▸ **ASSIGNED TASK**
Pictures stay out of the copy. Retype exactly the lines below from the one with "ค้นหาใบการันตีพระแท้" through the one with "民国时期 红楼梦人物冒简一对(高28,5公分。直径12,5公分)".

▸ **DATA SHOWN**
++++++++++++++++++++
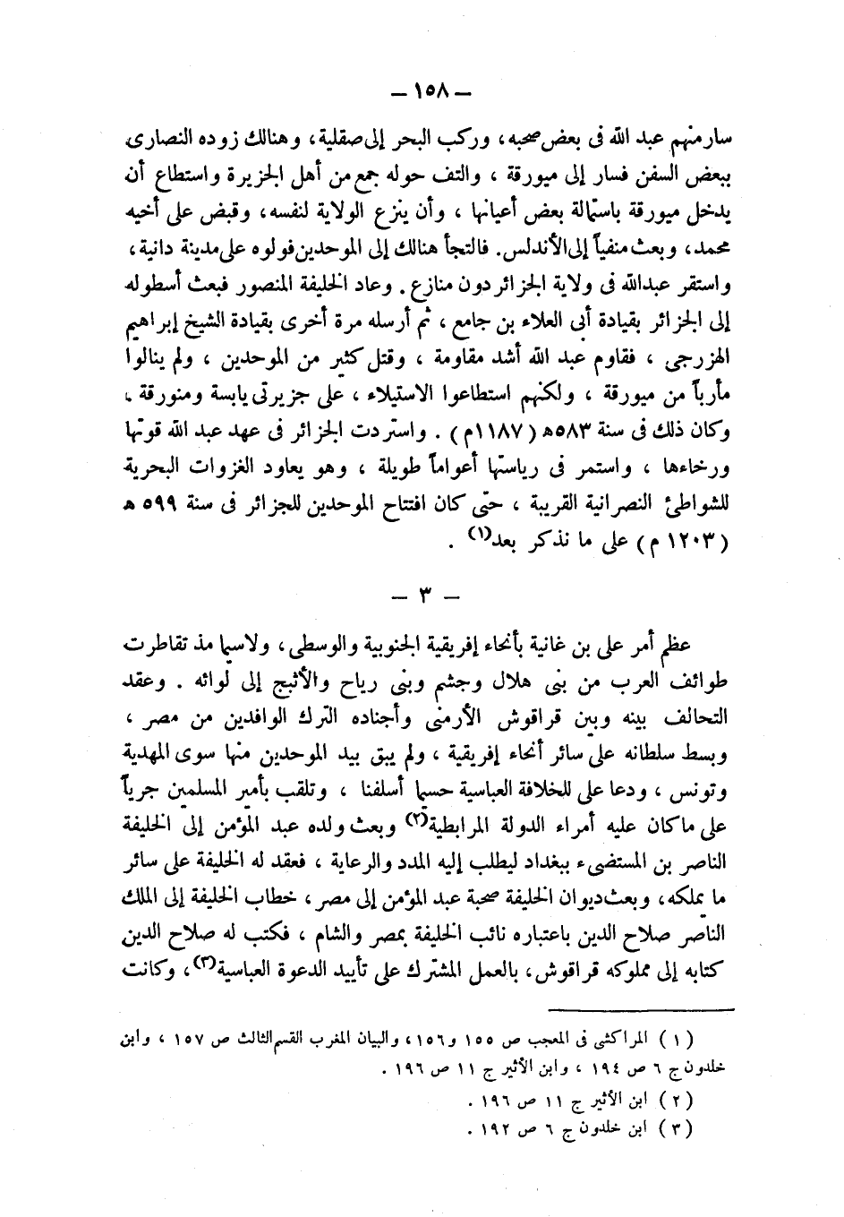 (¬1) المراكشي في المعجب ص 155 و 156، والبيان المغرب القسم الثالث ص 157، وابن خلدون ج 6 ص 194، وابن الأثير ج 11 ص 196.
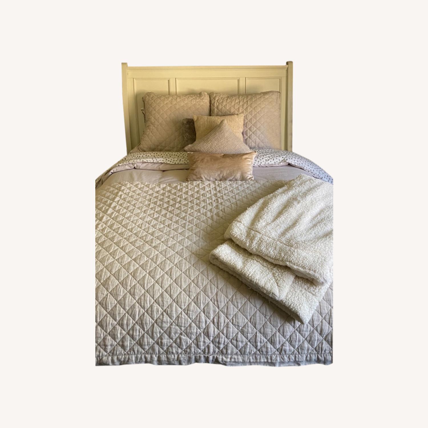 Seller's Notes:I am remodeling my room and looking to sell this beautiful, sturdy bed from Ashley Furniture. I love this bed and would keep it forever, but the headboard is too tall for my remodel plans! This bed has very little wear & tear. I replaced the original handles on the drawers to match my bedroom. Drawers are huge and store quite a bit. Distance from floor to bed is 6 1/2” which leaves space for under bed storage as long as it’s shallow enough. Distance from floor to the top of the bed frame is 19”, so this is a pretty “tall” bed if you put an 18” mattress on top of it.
++++++++++++++++++++
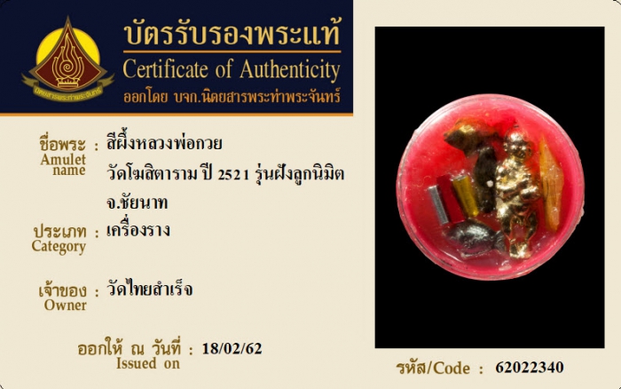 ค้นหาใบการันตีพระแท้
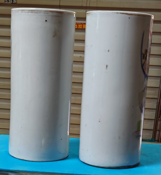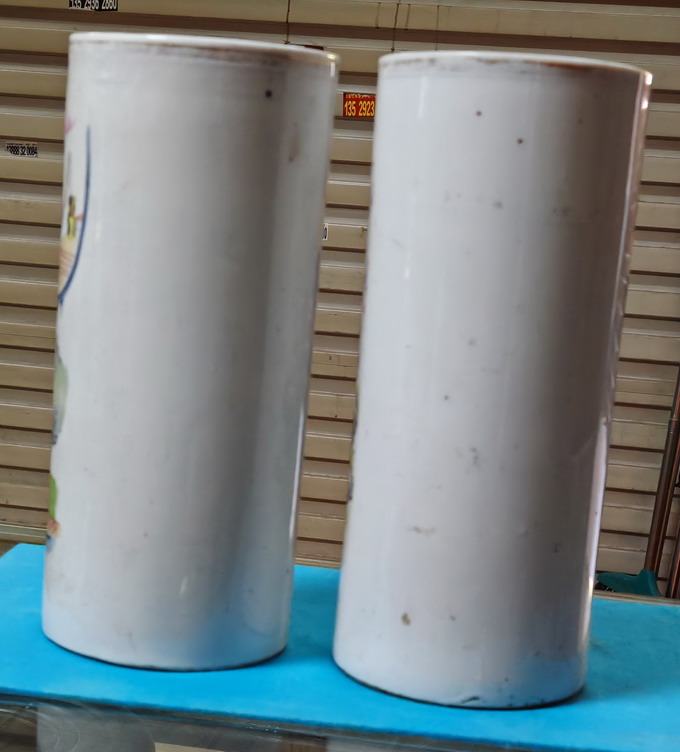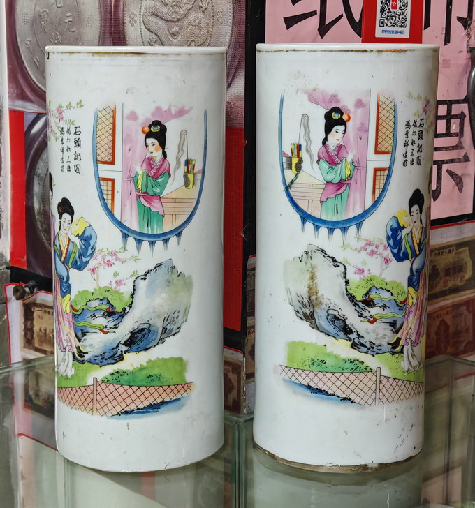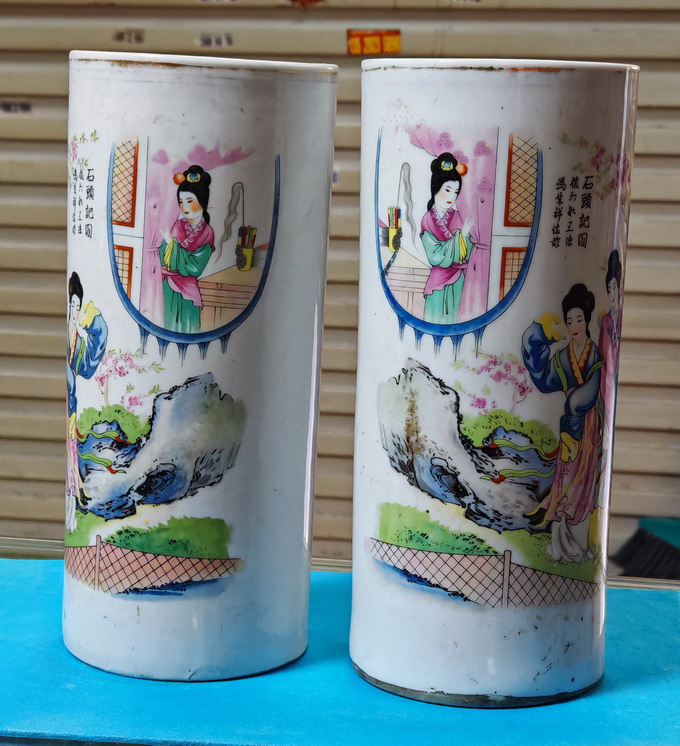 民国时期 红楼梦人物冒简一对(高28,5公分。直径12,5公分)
++++++++++++++++++++
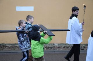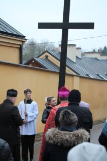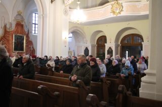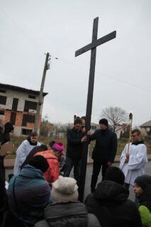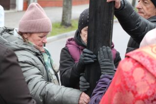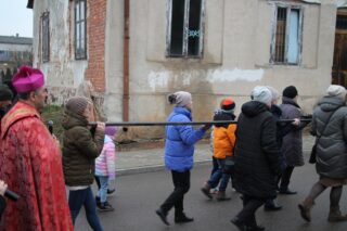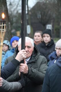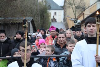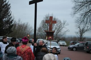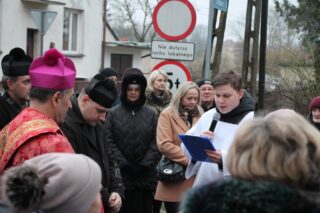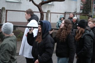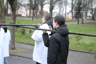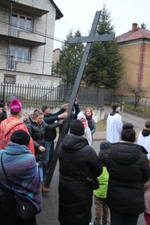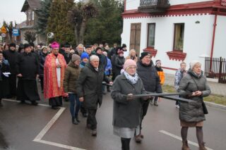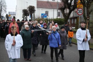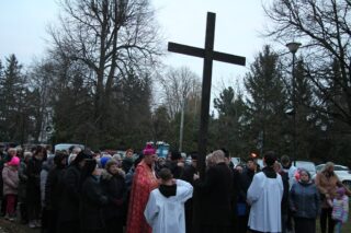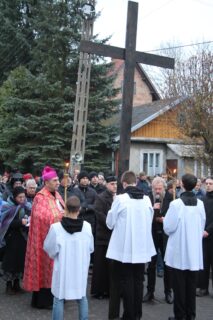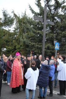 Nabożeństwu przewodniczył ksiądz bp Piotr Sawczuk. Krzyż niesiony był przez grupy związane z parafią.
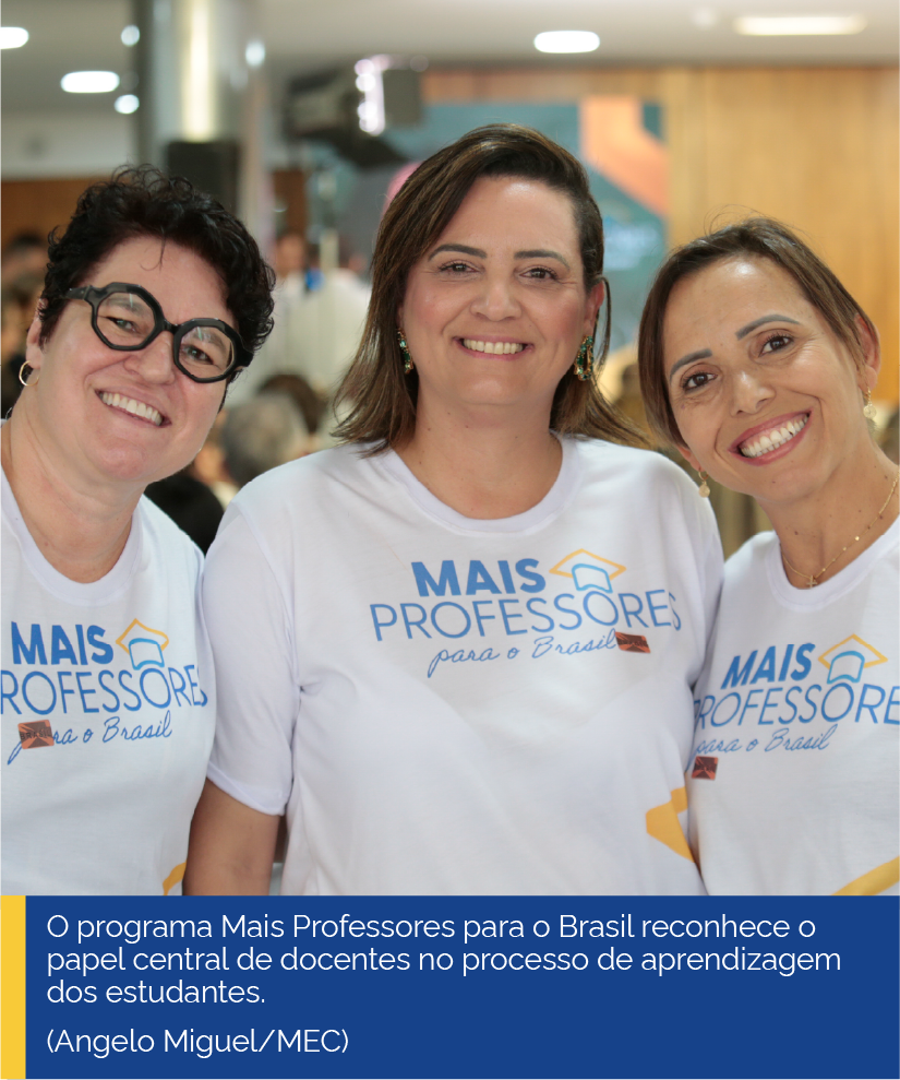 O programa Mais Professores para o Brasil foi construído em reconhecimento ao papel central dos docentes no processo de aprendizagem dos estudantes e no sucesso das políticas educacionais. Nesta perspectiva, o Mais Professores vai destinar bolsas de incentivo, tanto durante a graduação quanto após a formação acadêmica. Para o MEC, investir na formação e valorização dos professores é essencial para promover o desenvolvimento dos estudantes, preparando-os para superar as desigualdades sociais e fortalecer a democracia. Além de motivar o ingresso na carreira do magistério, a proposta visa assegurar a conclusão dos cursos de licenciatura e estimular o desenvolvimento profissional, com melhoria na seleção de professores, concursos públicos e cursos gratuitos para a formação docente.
++++++++++++++++++++
▸ **ANSWER SECTION**
 ค้นหาใบการันตีพระแท้
 民国时期 红楼梦人物冒简一对(高28,5公分。直径12,5公分)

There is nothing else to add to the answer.